An urn contains balls numbered 1 through 6. Balls are repeatedly selected one at a time and with replacement. Let $X_3$ be the number of the selection on which the first 3 appears, and let $X_3$ be the number of the selection on which the first 5 appears. Let $p_{X_3|X_5}(x_3|x_5)$ be the conditional distribution of $X_3$, given that $X_5 = x_5$
Find $p_{x_3|x_5}(4|8)$ and $p_{x_3|x_5}(8|4)$
I tried using bayes theorem, but that did not work. Can someone help please?
I'll show you how to do the first one, then you can try the second one again.

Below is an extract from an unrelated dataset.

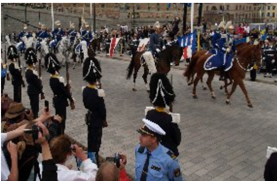
Hele den kongelige kortege strak sig over 400 meter. Hestene travede hele ruten rundt, fra Storkyrkan til Vasakajen, hvor chaluppen lå til kaj.

Victoria og Daniel steg op i kareten, fra begyndelsen af det forrige århundrede, forlod Storkyrkan og drog på tur gennem hovedstaden. Hele turen var på i alt 6,8 km, hvor selve kortegen strak sig over de 400 meter. Karetturen forløb rundt om det kongelige slot, over Nørrebro, forbi Operaen, videre hen ad Kungsträdgårdsgatan, Hamgatan, Sveavägen og Kungs Gatan, derefter ned ad Birger Jarlsgatan og Strandvägen, hvor brudeparret ved Junibacken, Vasakajen, gik ombord på Kungaslupen, Vasaorden, samme båd som også blev anvendt ved Kong Carl Gustafs og dronning Silvias bryllup i 1976. Godt 6400 personer, civile og frivillige organisationer, paraderede langs ruten, da det kongelige brudepar passerede forbi.

Bayes' theorem is the right approach here. You want to compute the conditional probability $\mathbb{P}( X_3 = 4 \ | \ X_5 = 8).$ By Bayes' theorem, we have
$$\mathbb{P}( X_3 = 4 \ | \ X_5 = 8) = \frac{ \mathbb{P}(X_3 = 4 \ , \ X_5 = 8)}{\mathbb{P}(X_5=8)}$$
The denominator is easier to compute - each $X_i$ is just a Geometric random variable with parameter $p=1/6.$ The event $X_5 = 8$ is precisely the event where your first $7$ rolls are not $5$ and the $8$-th roll is $5.$ So $\mathbb{P}(X_5=8) = (5/6)^7 (1/6).$
The numerator is slightly harder. The event $X_3=4, X_5=8$ occurs precisely when the first $3$ rolls are not $3$ or $5$, the $4$-th roll is a $3$, the $5$-th, $6$-th and $7$-th rolls are not $5$, and the $8$-th roll is $5.$ So $\mathbb{P}(X_3 = 4 \ , \ X_5 = 8) = (4/6)^3 (1/6) (5/6)^3 (1/6).$ And then we get $$\mathbb{P}( X_3 = 4 \ | \ X_5 = 8) = \frac{4^3}{5^4}.$$
For the second part, do a very similar process of carefully writing down (via Bayes' theorem) the conditional probability you are required to calculate in terms of unconditional probabilities, and then understanding explicitly what events are occurring in those unconditional probabilities.